Response Called For: Honoring Christmas in your heart all year long

How to Do This:         "I will honor Christmas in my heart all year." (See highlighted sermon text.)

 

Biblical Texts:                         Luke 2:8–20:  And there were shepherds living out in the fields nearby, keeping watch over their flocks at night.  An angel of the Lord appeared to them, and the glory of the Lord shone around them, and they were terrified.  But the angel said to them, "Do not be afraid. I bring you good news of great joy that will be for all the people.  Today in the town of David a Savior has been born to you; he is Christ the Lord.  This will be a sign to you: You will find a baby wrapped in cloths and lying in a manger."  Suddenly a great company of the heavenly host appeared with the angel, praising God and saying,  "Glory to God in the highest, and on earth peace to men on whom his favor rests."  When the angels had left them and gone into heaven, the shepherds said to one another, "Let's go to Bethlehem and see this thing that has happened, which the Lord has told us about."  So they hurried off and found Mary and Joseph, and the baby, who was lying in the manger.  When they had seen him, they spread the word concerning what had been told them about this child, and all who heard it were amazed at what the shepherds said to them.  But Mary treasured up all these things and pondered them in her heart.   The shepherds returned, glorifying and praising God for all the things they had heard and seen, which were just as they had been told.

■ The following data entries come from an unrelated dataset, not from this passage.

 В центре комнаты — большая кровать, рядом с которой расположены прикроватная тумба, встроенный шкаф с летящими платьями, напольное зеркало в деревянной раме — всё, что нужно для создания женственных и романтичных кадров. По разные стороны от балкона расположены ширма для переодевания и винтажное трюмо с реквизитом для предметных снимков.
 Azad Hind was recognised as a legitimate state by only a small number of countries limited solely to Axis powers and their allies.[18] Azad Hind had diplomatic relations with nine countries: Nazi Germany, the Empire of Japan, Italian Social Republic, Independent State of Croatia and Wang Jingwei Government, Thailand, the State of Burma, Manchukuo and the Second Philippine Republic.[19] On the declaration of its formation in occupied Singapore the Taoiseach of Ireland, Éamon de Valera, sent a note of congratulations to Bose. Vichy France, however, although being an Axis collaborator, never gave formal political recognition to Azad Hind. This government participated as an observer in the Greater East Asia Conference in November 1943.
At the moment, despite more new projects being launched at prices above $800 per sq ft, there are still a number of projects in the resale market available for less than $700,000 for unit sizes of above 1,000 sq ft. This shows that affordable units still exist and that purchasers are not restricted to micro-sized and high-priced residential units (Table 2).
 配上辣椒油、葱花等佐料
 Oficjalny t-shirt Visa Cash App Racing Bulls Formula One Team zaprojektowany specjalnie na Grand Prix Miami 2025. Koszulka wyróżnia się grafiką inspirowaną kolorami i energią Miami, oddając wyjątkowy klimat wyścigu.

Colossians 3:17:  And whatever you do, whether in word or deed, do it all in the name of the Lord Jesus, giving thanks to God the Father through him.

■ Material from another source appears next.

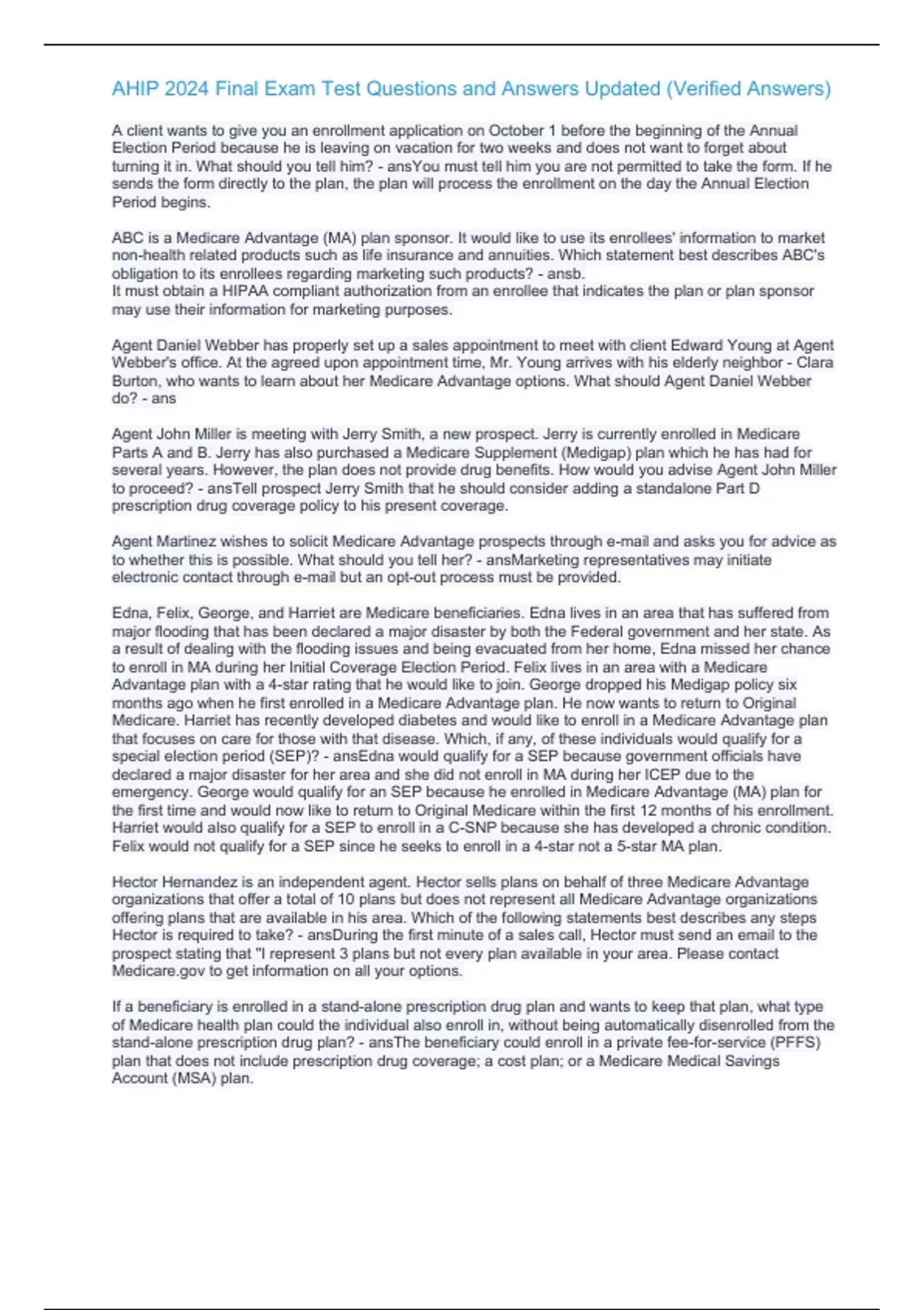 , AHIP 2024 Final Exam Test Questions and Answers Updated (Verified Answers)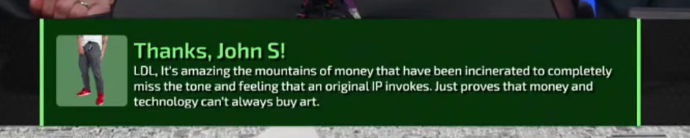 John S message Thanks, John S! LDL, It's amazing the mountains of money that have been incinerated to completely miss the tone and feeling that an original IP invokes. Just proves that money and technology can't always buy art. Timestamp

Video Segment:          Scrooge’s lifelong transformation


A HALLELUJAH LIFE!

 

Wow, how quickly the situation has changed in the past few days.  It seems hard to believe that Christmas was just twelve days ago, not even two whole weeks.  It seems we have smoothly gone from the holidays back to the daily grind.  Many in the church have already moved from thinking about the birth of Christ to thinking about the bills that will be coming in over the next few months.  In my case, just a few days ago Nancy and I were in Orlando visiting family, having a great time.  But reality has already intruded itself with the pressures of work, family, and life in general.  One thing is certain though, and that is that change happens for better or worse; and sometimes we even have some control over the change.  Some changes, like when a person says yes--or no--to a marriage proposal, like when a child is born, or when you start a new job, are decisions we control or influence.  Others like when a loved one dies, or when disasters occur are changes that we have no control over.  Some of the changes mentioned above are gradual, while some are dramatic radical changes. Ebenezer Scrooge underwent such a radical change--and things were never the same.

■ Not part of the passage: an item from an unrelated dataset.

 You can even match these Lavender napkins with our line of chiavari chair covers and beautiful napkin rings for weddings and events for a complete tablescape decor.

Think about the circumstances preceding the change that Scrooge experienced.  Imagine yourself going home one night expecting it to be the same as any other night when wham, a 2 X 4 hits you up side the head.  That is exactly what happened to Scrooge when he went home from work on Christmas Eve; he expected nothing different than any other night. He expected to go home, eat his soup, go to bed, wake up, and continue the same routine as every other day. Of course, this was the day he was being robbed again –I mean he had to pay his employee Bob Cratchit for the holiday, or as Scrooge states: Christmas is just “a poor excuse to pick a man's pocket.”  However, something miraculous happened this special night, for when Scrooge awakened following his "holy hauntings," he really awakened!

(SHOW VIDEO CLIP.)

What a dramatic change occurred when Scrooge was awakened.  He had a joy and love for life that he absolutely could not contain. In some of the other Scrooge movies, he actually dances a little jig in the bedroom, terrifying his housekeeper who had brought in his breakfast.  Why was his housekeeper terrified?  It was the radical difference in how Scrooge looked at life.  The change caused him to immediately take on the part of a “secret angel,” when he had the largest prize turkey delivered to the Cratchits for Christmas dinner. He became charitable and sought out the gentlemen whose charitable request he had snubbed the evening before, making a most generous contribution that truly stunned them. Scrooge even mustered up the courage to attend his nephew’s party, offering his apology and seeking full reconciliation with Fred and Fred’s wife, whom he had never met.  It was as if he had been born again. 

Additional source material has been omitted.